• _Task instructions_:
Repeat only the lines from the one containing "NO.5 店舗名:花山自然派工房 商品名:ふさすぐりシャーベット" to the final line below, exactly as they read, and leave every picture out.

+++++

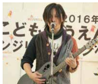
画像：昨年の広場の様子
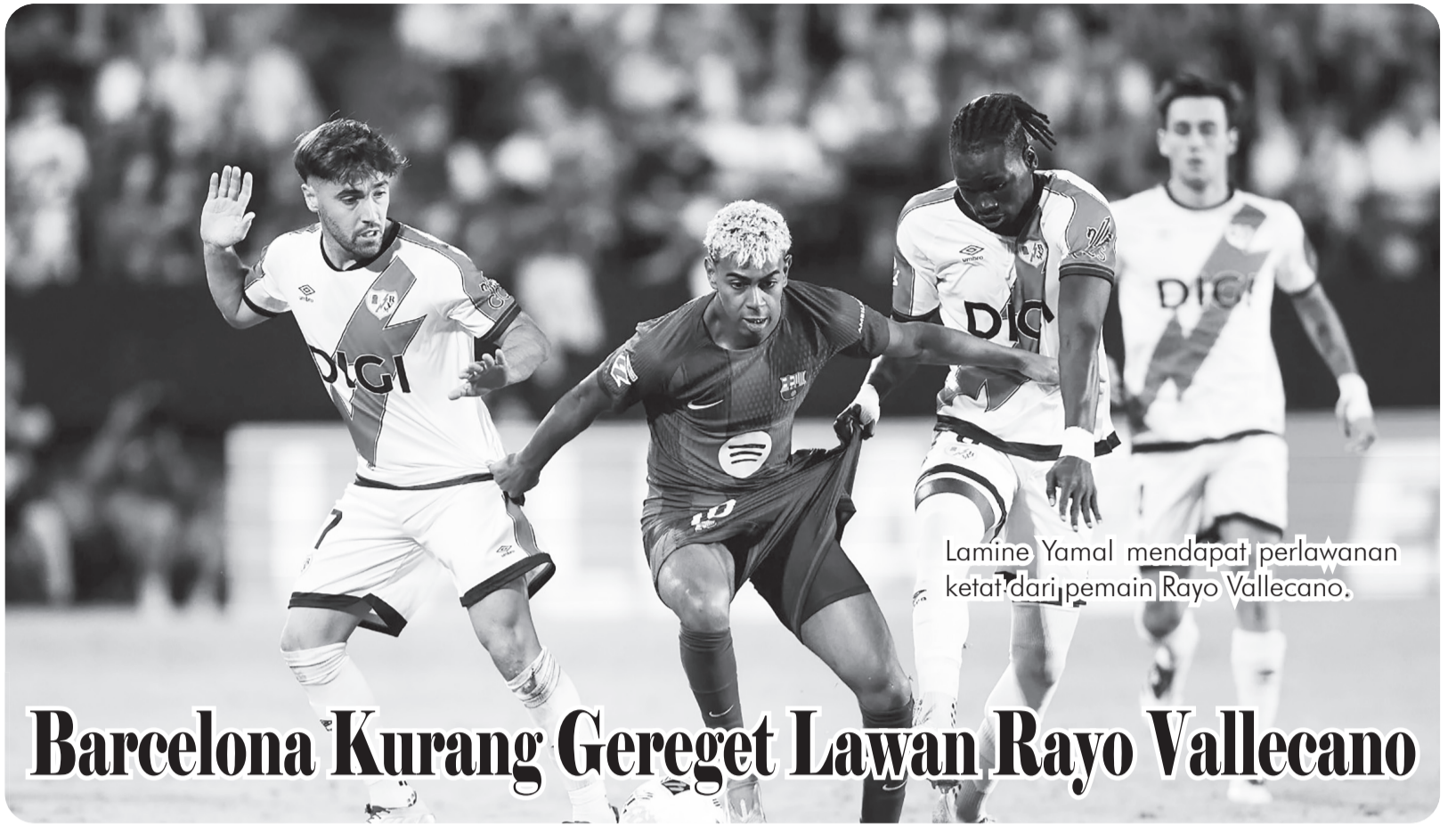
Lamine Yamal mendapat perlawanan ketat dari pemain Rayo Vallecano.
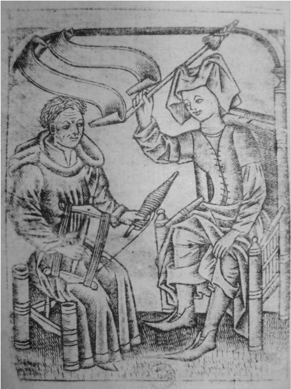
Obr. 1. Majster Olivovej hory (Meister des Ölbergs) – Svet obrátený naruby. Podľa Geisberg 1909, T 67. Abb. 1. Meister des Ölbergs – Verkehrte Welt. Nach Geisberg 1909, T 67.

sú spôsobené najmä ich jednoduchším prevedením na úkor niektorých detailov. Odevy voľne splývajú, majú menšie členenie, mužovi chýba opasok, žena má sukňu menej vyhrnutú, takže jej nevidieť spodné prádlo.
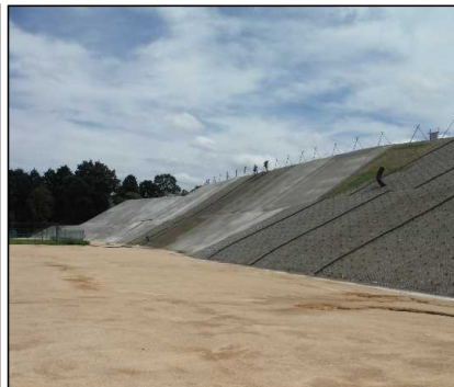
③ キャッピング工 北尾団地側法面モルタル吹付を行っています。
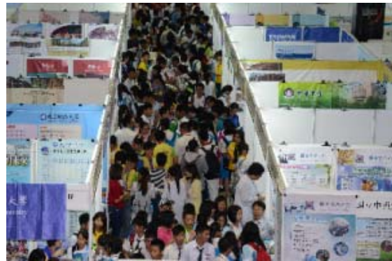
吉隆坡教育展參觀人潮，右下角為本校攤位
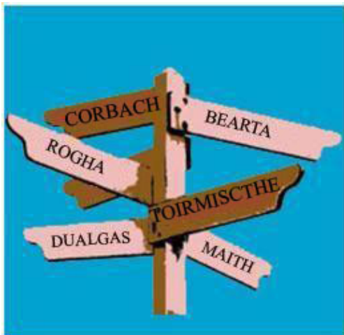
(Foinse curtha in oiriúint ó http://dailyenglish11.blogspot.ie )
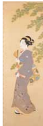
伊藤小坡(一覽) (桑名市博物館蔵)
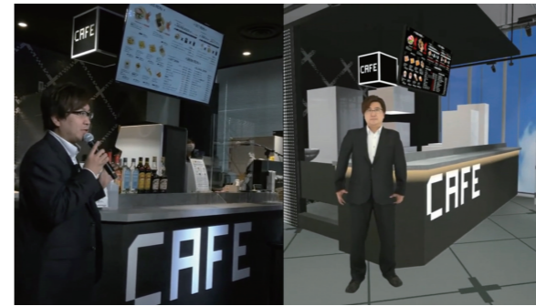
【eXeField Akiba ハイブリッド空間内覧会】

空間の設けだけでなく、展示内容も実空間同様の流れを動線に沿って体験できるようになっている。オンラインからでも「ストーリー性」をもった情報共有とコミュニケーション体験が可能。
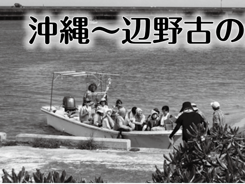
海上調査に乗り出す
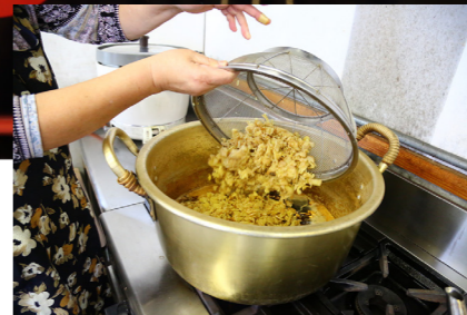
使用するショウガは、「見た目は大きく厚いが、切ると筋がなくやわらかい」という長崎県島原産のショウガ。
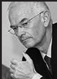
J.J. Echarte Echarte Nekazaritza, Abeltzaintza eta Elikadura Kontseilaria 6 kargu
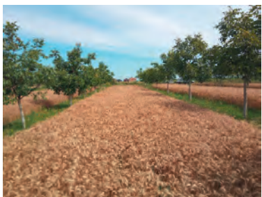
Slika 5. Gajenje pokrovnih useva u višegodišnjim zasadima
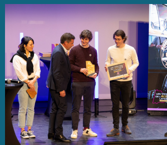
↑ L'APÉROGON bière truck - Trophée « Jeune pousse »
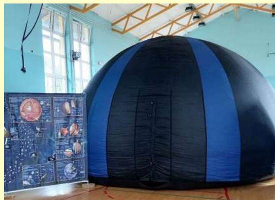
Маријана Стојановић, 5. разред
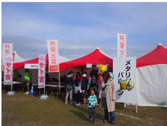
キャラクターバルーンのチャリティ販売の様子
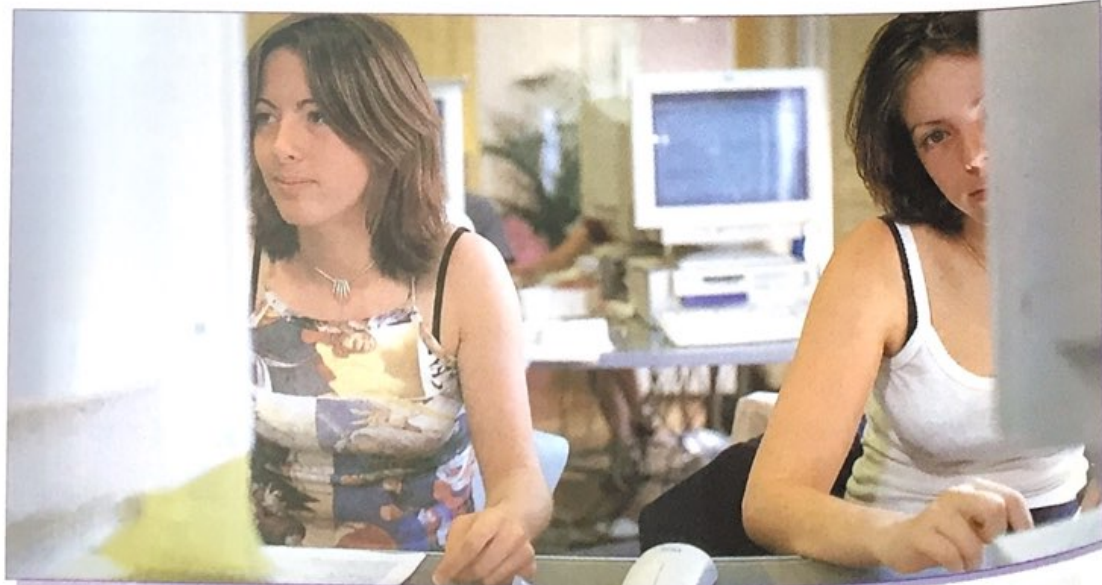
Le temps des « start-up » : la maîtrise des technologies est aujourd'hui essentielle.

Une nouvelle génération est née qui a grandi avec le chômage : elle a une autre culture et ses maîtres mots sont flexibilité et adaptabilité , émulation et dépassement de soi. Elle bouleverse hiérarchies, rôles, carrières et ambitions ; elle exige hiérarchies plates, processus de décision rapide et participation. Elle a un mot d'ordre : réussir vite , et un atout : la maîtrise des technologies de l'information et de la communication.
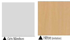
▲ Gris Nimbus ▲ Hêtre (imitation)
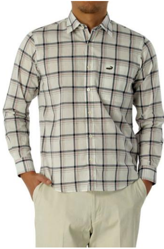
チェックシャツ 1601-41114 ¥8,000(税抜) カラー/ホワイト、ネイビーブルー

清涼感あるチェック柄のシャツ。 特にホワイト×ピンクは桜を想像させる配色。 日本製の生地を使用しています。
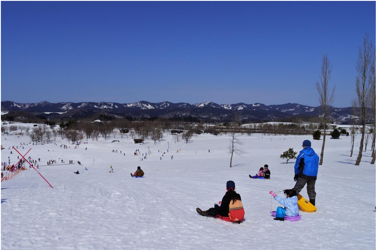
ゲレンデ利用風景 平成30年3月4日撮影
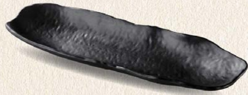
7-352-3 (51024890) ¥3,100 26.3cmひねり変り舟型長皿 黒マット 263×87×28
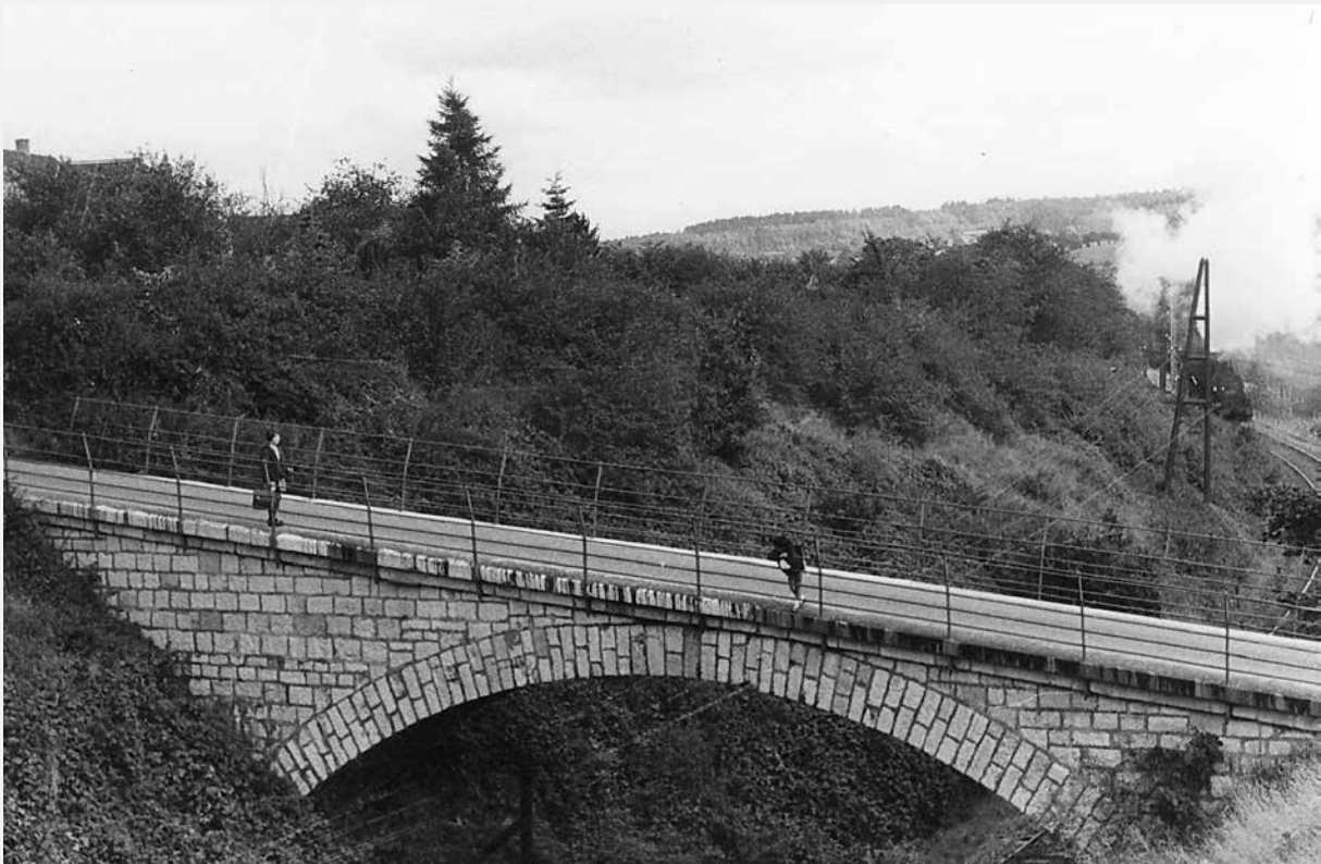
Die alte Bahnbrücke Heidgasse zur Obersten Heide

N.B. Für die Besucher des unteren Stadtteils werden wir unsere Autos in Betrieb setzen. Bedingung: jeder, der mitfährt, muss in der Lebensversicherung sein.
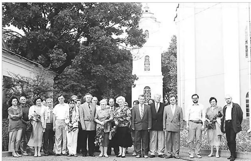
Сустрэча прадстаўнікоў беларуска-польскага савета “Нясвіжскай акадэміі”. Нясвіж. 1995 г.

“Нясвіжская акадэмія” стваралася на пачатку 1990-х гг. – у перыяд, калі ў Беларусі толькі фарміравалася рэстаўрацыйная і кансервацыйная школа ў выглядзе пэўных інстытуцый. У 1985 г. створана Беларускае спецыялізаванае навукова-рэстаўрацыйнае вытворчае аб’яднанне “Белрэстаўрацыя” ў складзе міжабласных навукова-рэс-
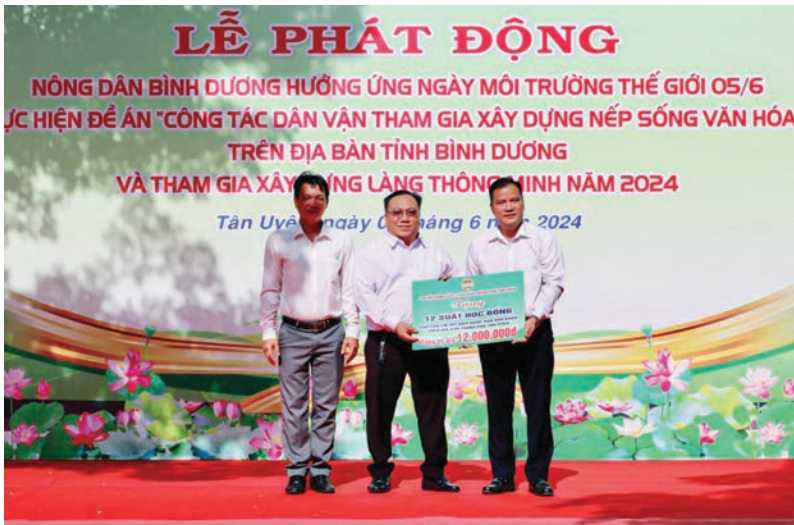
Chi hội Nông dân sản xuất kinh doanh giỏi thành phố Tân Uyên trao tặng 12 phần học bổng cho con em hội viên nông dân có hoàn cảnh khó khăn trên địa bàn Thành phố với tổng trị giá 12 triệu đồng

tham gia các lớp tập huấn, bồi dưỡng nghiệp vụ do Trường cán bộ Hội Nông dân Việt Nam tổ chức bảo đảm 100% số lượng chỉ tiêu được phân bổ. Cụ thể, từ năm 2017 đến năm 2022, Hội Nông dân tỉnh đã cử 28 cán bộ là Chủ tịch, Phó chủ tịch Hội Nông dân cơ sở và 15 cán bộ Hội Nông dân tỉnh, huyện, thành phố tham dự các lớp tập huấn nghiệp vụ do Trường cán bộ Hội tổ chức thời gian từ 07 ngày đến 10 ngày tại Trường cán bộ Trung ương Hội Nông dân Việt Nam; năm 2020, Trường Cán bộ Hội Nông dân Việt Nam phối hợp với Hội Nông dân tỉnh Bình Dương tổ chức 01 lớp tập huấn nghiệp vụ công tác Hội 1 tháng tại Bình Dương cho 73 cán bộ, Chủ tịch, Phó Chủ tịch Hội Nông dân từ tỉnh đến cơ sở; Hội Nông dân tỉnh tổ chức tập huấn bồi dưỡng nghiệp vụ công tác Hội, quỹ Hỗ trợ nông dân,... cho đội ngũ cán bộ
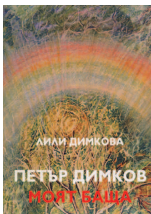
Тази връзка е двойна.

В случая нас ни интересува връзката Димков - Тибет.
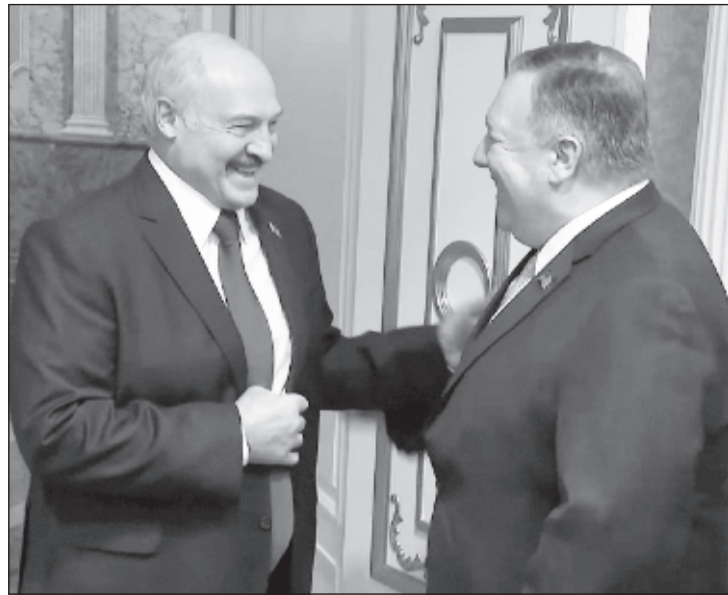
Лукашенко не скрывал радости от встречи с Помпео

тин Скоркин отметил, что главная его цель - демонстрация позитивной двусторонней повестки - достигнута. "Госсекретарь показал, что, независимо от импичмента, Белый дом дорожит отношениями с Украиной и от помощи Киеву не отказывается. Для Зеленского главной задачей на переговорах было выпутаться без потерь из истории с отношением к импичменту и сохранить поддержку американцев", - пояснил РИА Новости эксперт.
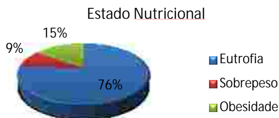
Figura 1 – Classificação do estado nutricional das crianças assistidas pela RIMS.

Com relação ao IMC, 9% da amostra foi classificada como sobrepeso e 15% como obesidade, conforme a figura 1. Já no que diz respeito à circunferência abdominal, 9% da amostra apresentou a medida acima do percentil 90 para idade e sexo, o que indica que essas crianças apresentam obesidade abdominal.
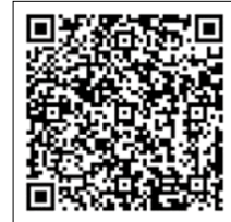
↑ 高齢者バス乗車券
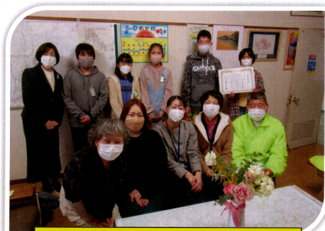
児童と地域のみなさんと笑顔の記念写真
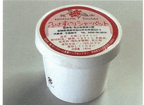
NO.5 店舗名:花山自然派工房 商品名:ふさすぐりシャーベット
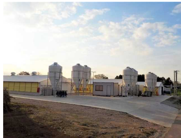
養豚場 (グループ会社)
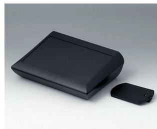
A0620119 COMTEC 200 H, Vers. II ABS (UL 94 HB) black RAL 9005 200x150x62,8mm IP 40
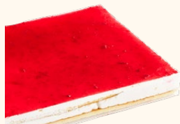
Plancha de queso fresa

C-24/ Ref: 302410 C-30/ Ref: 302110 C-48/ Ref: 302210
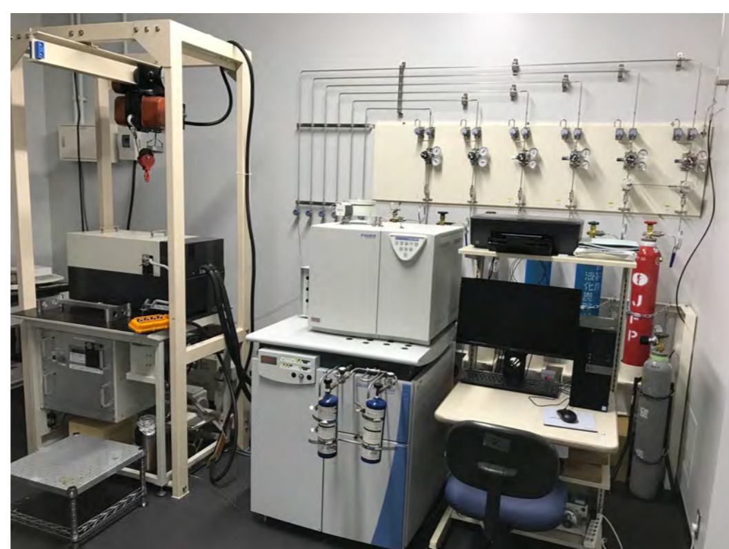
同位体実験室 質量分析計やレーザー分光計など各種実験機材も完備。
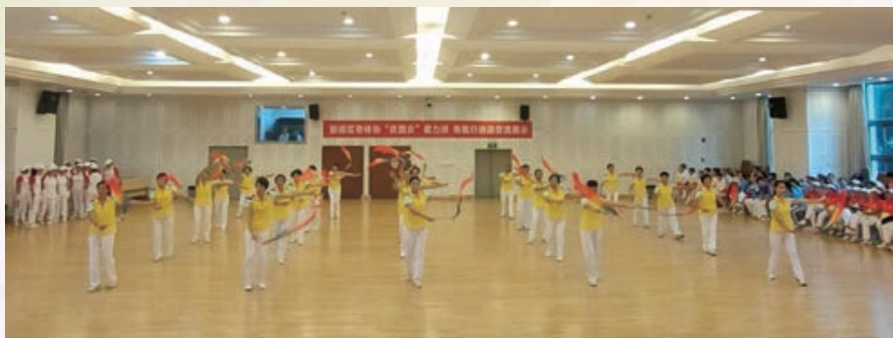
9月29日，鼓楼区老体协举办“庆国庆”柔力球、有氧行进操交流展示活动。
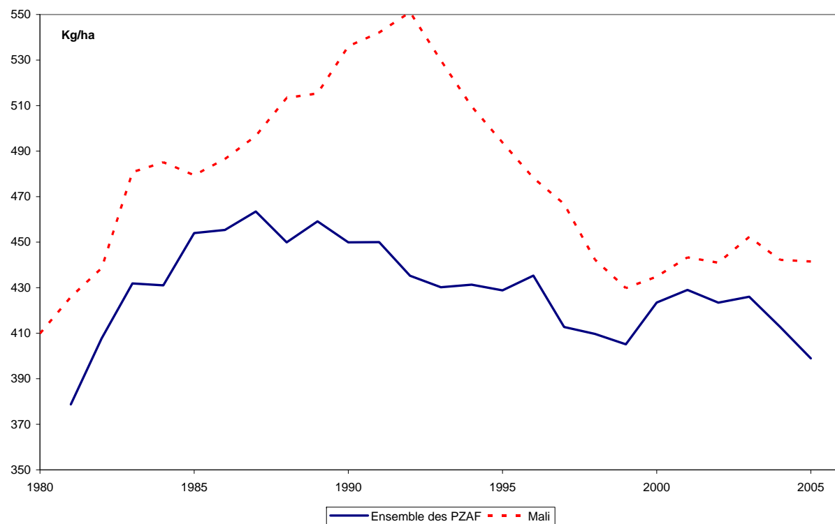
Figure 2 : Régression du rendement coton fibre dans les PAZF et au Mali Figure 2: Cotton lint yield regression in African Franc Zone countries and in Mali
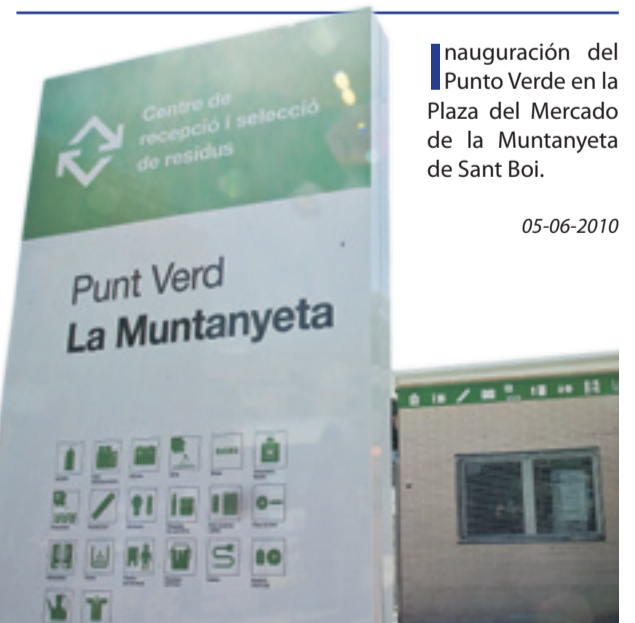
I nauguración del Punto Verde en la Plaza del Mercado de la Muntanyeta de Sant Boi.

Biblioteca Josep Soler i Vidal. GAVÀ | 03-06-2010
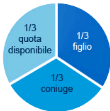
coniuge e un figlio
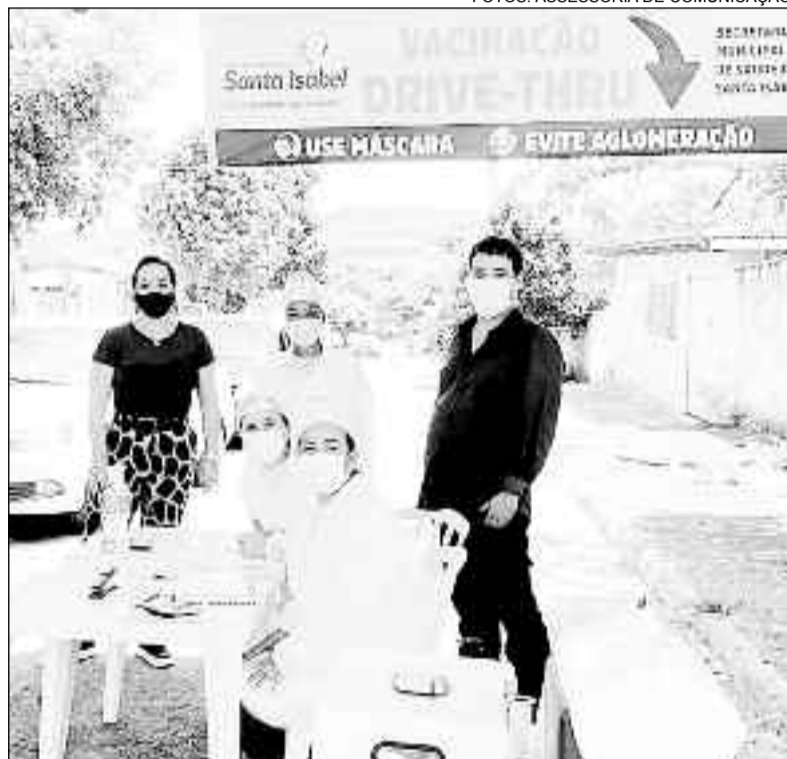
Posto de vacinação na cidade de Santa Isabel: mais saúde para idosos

+++++

• _Output of the task_:
NO.5 店舗名:花山自然派工房 商品名:ふさすぐりシャーベット
養豚場 (グループ会社)
A0620119 COMTEC 200 H, Vers. II ABS (UL 94 HB) black RAL 9005 200x150x62,8mm IP 40
Plancha de queso fresa

C-24/ Ref: 302410 C-30/ Ref: 302110 C-48/ Ref: 302210
同位体実験室 質量分析計やレーザー分光計など各種実験機材も完備。
9月29日，鼓楼区老体协举办“庆国庆”柔力球、有氧行进操交流展示活动。
Figure 2 : Régression du rendement coton fibre dans les PAZF et au Mali Figure 2: Cotton lint yield regression in African Franc Zone countries and in Mali
I nauguración del Punto Verde en la Plaza del Mercado de la Muntanyeta de Sant Boi.

Biblioteca Josep Soler i Vidal. GAVÀ | 03-06-2010
coniuge e un figlio
Posto de vacinação na cidade de Santa Isabel: mais saúde para idosos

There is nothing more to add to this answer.